Economists are Biased. Who Would Have Guessed?!

[Excerpts taken from the blog “Ideology is Dead! Long Live Ideology!” by Mohsen Javdani and Ha-Joon Chang, posted at the website of the Institute for New Economic Thinking]
“Mainstream (neoclassical) economics has always put a strong emphasis on the positivist conception of the discipline, characterizing economists and their views as objective, unbiased, and non-ideological…the matter has never been directly subjected to empirical scrutiny. In a recent study, we do just that.”
“Using a well-known experimental “deception” technique embedded in an online survey that involves just over 2400 economists from 19 countries, we fictitiously attribute the source of 15 quotations to famous economists of different leanings. In other words, all participants received identical statements to agree or disagree with, but source attribution was randomly changed without the participants’ knowledge.”
“For example, when a statement criticizing “symbolic pseudo-mathematical methods of formalizing a system of economic analysis” is attributed to its real source, John Maynard Keynes, instead of its fictitious source, Kenneth Arrow, the agreement level among economists drops by 11.6%.”
“Similarly, when a statement criticizing intellectual monopoly (i.e. patent, copyright) is attributed to Richard Wolff, the American Marxian economist at the University of Massachusetts, Amherst, instead of its real source, David Levine, professor of economics at the Washington University in St. Louis, the agreement level drops by 6.6%.”
“We believe that recognizing their own biases, especially when there exists evidence suggesting that they could operate through implicit or unconscious modes, is the first step for economists who strive to be objective and ideology-free. This is also consistent with the standard to which most economists in our study hold themselves.”
“To echo the words of Alice Rivlin in her 1987 American Economic Association presidential address, ‘economists need to be more careful to sort out, for ourselves and others, what we really know from our ideological biases.'”
To read the article, click here.

One Comment on “Economists are Biased. Who Would Have Guessed?!

  1. Hello,

    I tried to post the following comment (below), but WordPress would not allow me to. I seem to need a WordPress account, as if I had my own blog (I don’t), or a Twitter of Facebook account (which I object to using, not wanting to grant either the rights to track me).

    In any event, I think the points in my comment are worth making, for they have clear implications for the goals of scientific integrity that you folks wish to uphold.

    Thanks for your time.

    Cheers, Michael Peirce, Ph.D.

    ————— Establishing bias is MUCH harder to do than this. Fwiw, a number of confounders were not considered or addressed, but needed to be. And these only begin to bring out the complexity of the task. (Also, in case you are wondering, I would love to skewer economists).

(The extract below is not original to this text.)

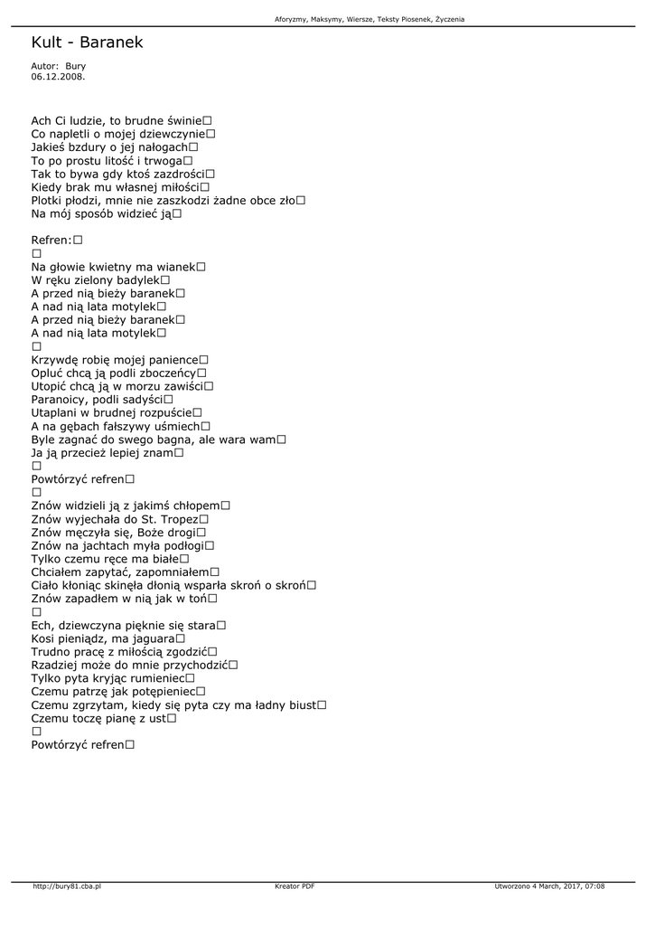 Aforyzmy, Maksymy, Wiersze, Teksty Piosenek, Życzenia Kult - Baranek Autor: Bury 06.12.2008. Ach Ci ludzie, to brudne świnie Co napletli o mojej dziewczynie Jakieś bzdury o jej nałogach To po prostu litość i trwoga Tak to bywa gdy ktoś zazdrości Kiedy brak mu własnej miłości Plotki płodzi, mnie nie zaszkodzi żadne obce zło Na mój sposób widzieć ją Refren: Na głowie kwietny ma wianek W ręku zielony badylek A przed nią bieży baranek A nad nią lata motylek A przed nią bieży baranek A nad nią lata motylek Krzywdę robię mojej panience Opluć chcą ją podli zboczeńcy Utopić chcą ją w morzu zawiści Paranoicy, podli sadyści Utaplani w brudnej rozpuście A na gębach fałszywy uśmiech Byle zagnać do swego bagna, ale wara wam Ja ją przecież lepiej znam Powtórzyć refren Znów widzieli ją z jakimś chłopem Znów wyjechała do St. Tropez Znów męczyła się, Boże drogi Znów na jachtach myła podłogi Tylko czemu ręce ma białe Chciałem zapytać, zapomniałem Ciało kłoniąc skinęła dłonią wsparła skroń o skroń Znów zapadłem w nią jak w toń Ech, dziewczyna pięknie się stara Kosi pieniądz, ma jaguara Trudno pracę z miłością zgodzić Rzadziej może do mnie przychodzić Tylko pyta kryjąc rumieniec Czemu patrzę jak potępieniec Czemu zgrzytam, kiedy się pyta czy ma ładny biust Czemu toczę pianę z ust Powtórzyć refren http://bury81.cba.pl Kreator PDF Utworzono 4 March, 2017, 07:08

    (1) Most sentences contain indexicals (‘you’, ‘this’, ‘the Xs’) and unstated but implicit temporal qualifiers and assumed local range restrictions, with the consequence that the same set of words (sentences) will express different things, on different occasions, or different time periods, and when coming from different mouths. For example, ‘The president is bald’ was true in October of 1959, when spoken by a US citizen, but false a year later, or when spoken by a citizen of Nigeria. In the present context, when Keynes used the term ‘symbolic pseudo-mathematical methods’ he was presumably referring to a subset of methods prominent during his day, while if we read the quote as coming from Arrow, we must shift the context, and the presumed referents of this phrase, to different subset, so that it ranges over work that accumulated over the next half century. Accordingly, survey respondents may not be judging one and the same proposition.

    (2) Most declarative utterances, especially containing value judgment terms (e.g., “pseudo X”) in order to be interpreted properly, must be understood in a way that is attuned to what the speaker presumably meant and implied by them, their beliefs, and habits of speech, and so on, which often requires “reading into” the context. I don’t know enough about Keynes’ or Arrow’s habits of speech, but if Keynes consistently, and inflammatorily accused others of “pseudo” scientific work, while in contrast, Arrow was known to be more diplomatic and sparing, that could explain a wide divergence in respondents’ judgments, too.

    (3) Keynes may have been talking about, or had in mind, the views of Austrian-school libertarian economists, while Arrow would presumably be referring to the views of a different group, in which case, right-wing respondents may have different views about whether the predicates applied to Keynes’ intended targets than left-wing respondents. The situation shifts when the views presumed to be targeted by Arrow are instead at issue. That’s not bias, that’s a difference of opinion.

    In sum, shifting the author of a sentence will tend, also, to shift what has been said (the proposition expressed) by it. Consequently, it is too quick to leap to the conclusion that the difference is due to political or ideological biases.